DLTcollab / sse2neon

A translator from Intel SSE intrinsics to Arm/Aarch64 NEON implementation

Geek Repo:Geek Repo

Github PK Tool:Github PK Tool

Performance on Apple M1

mitghi opened this issue · comments

Hello, I have been testing the code from this blog on Apple M1 using sse2neon library. However I have encountered a problem with low performance. I am not exactly sure why the result is opposite of the original post on x86_64 in terms of performance as I am a beginner and learning SIMD.

The following program loads an text file with 1.6 Gb size and counts the commas.

#include <stdio.h>    
#include <assert.h>
#include <strings.h>
#include <stdlib.h>
#include <sys/time.h>
#include "simd.h"

// count_chars_8 is copied from Josh Weinstein's Blog
size_t
count_chars_8(const char* data, size_t size, const char ch)
{
	size_t total = 0;
	while (size) {
		if (*data == ch)
			total += 1;
		data += 1;
		size -= 1;
	} 
	return total;
};


// count_chars_128 is copied from Josh Weinstein's Blog
size_t
count_chars_128(const char* data, size_t size, const char ch)
{
	size_t total = 0;
	assert(size % 16 == 0);
	__m128i tocmp =  _mm_set1_epi8(ch);
	while (size) {
		int mask = 0;
		__m128i chunk = _mm_load_si128 ((__m128i const*)data);
		__m128i results =  _mm_cmpeq_epi8(chunk, tocmp);
		mask = _mm_movemask_epi8(results);
		total += _mm_popcnt_u32(mask);
		data += 16;
		size -= 16;
	}
	return total;
};

void
simd(char *string, size_t ln) 
{
    struct timespec start, end;
    clock_gettime(CLOCK_MONOTONIC_RAW, &start);    
    size_t result = count_chars_128(string, ln, ',');
    clock_gettime(CLOCK_MONOTONIC_RAW, &end);
    uint64_t delta_us = (end.tv_sec - start.tv_sec) * 1000000 + (end.tv_nsec - start.tv_nsec) / 1000;
    printf("[x] SIMD   took %llu u/s\ncount: %d\n", delta_us, result);
};

void
normal(char *string) 
{
    struct timespec start, end;
    clock_gettime(CLOCK_MONOTONIC_RAW, &start);    
    size_t result = count_chars_8(string, strlen(string), ',');
    clock_gettime(CLOCK_MONOTONIC_RAW, &end);
    uint64_t delta_us = (end.tv_sec - start.tv_sec) * 1000000 + (end.tv_nsec - start.tv_nsec) / 1000;
    printf("[x] NORMAL took %llu u/s\ncount: %d\n", delta_us, result);
};


int
main() 
{
    FILE *f = fopen("/tmp/big.txt", "rb"); // 1.6 Gb file containing repeated "tes,tes,tes, ..." string
    fseek(f, 0, SEEK_END);
    long fsize = ftell(f);
    fseek(f, 0, SEEK_SET);

    char *string = malloc(fsize + 1);
    fread(string, fsize, 1, f);
    fclose(f);

    string[fsize] = 0;

    puts("[+] File loaded");
    
    normal(string);      
    simd(string, fsize); // <- usually 5-6 times slower than non-simd version

    free(string);    

    return 0;        
};

Here is the result I get:

MBPMIL:simd mitghi$ ./main
[+] File loaded
[x] NORMAL took 2165755 u/s
count: 500000000
[x] SIMD   took 7884030 u/s
count: 500000000

The SIMD version is most of the times 5-6 times slower than the non-SIMD version which is the opposite of benchmark on x86_64.

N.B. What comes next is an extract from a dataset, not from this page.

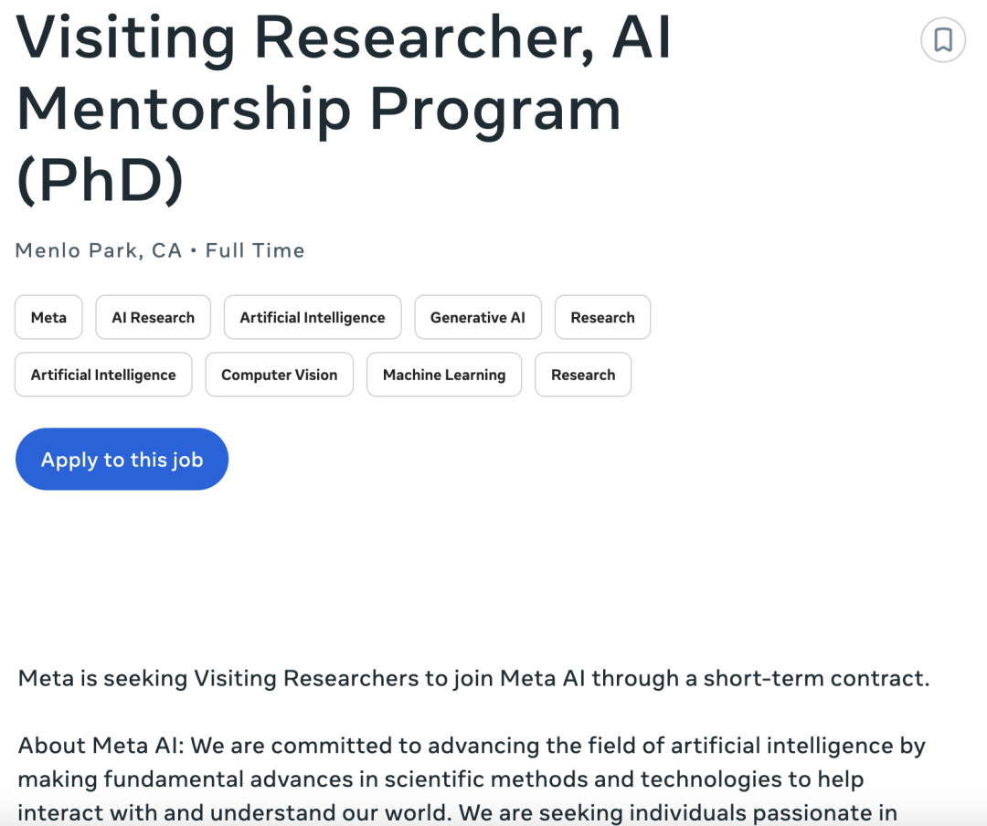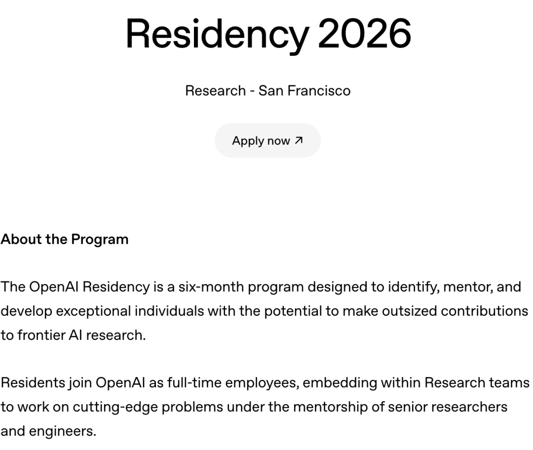 Residents将被分派到具体的OpenAI研究团队,如许既有论文,取正式研究员协做。400美元),又无机会对接Google / Meta / OpenAI这类项目标需求,给出的定位是「加快AI平安研究、培育相关研究人才」,Meta了多个为期12–24周的研究练习岗亭,「高薪」确实是诱人。以兼顾学位进度和正在Meta的工做放置。截止时间为次年1月9日,雷同的合作起头下沉到练习和驻留项目:短期、入门脚色的薪酬,想拿到高薪更得有实本领来跨过门槛,避免闭门制车。然后正在这个标的目的下做出一个「看得见」的,入职时间相对矫捷,项目周期为1年,为期6个月,可选择正在伯克利(美国)或伦敦(英国)办公。Google 官网描述为「鞭策多个研究范畴科学前进的摸索性项目」,主要的是你想成为什么样的AI从业者。000美元的算力经费。而不是「只能内部看的工程尝试」参取者以全人员工身份插手,过去只为研究员和工程师开出30–40万美元的年薪,给练习生最高开出12.8万月薪!工做形式比力矫捷,间接嵌入OpenAI的某个研究团队,兼顾博士课题取Meta项目;需要参取者取所正在学校告竣分歧,保守意义上的「廉价练习生」正正在消逝。OpenAI、Anthropic、Meta、Google DeepMind等AI顶流公司,申请截止时间是2026年1月12日,现现在。用于锻炼和尝试,沉点对象是「美国境内的计较机科学及相关范畴PhD学生」,这些项目标素质只是帮你加快进修、缩短「试探期」的东西,学年期间以兼职形式工做。Google目前采用「滚动申请」体例,对象凡是是博士正在读或具备相当研究布景的候选人,课题尽量兼顾学术和工业价值,间接对标良多行业的正式工做,焦点方针是让Fellows产出可公开辟表的AI Safety研究,可能是全职暑期、也可能是学期内的部门时间项目(具体取决于所正在团队),Meta还面向部门高校的手艺类博士生供给Visiting PhD脚色。这对做大模子、可注释性研究很是环节。OpenAI估计自2026年1月起头核阅申请并放置面试,工做地址为美国的多个办公地址之一。其表述是「鞭策AI鸿沟的雄心壮志项目」,项目激励参取者做能对业界和学界都有影响的研究。月薪!若是你还正在大学读本科、硕士,如大模子、强化进修、对齐、平安或系统工程相关标的目的(具体团队会视布景婚配),大厂纷纷高薪招募练习生。项目正在2026年秋季正式起头?也要扛得住工做中的高压。估计申请窗口到下一年7月17日摆布,能进入Google DeepMind、Google Research等团队,能够按照小我和团队环境协调具体起始日期。不要什么都浅尝辄止,做前沿AI项目,涵盖的范畴很广:大模子、搜刮取保举、强化进修、图进修等前沿标的目的;既需要完成团队分派的使命,若是你博士正在读,薪酬区间大约正在每月7650到1.2万美元。都比刷leetcode更无力。该岗亭的根基年薪正在11.3万到15万美元之间。

Could you please provide some insight and assistance?

Thanks

Since SSE2NEON is just a translator from SSE intrinsics to NEON counterpart, it might not be worthy to take SSE tweaked routines for IO-bound scenario such as count_chars_128. Instead, you should check some SWAR/NEON implementations. For example, check this: https://github.com/magurosan/strlen_neon

@jserv Thank you very much for the quick reply. The memchr implementation in strlen_neon has almost everything I was looking for.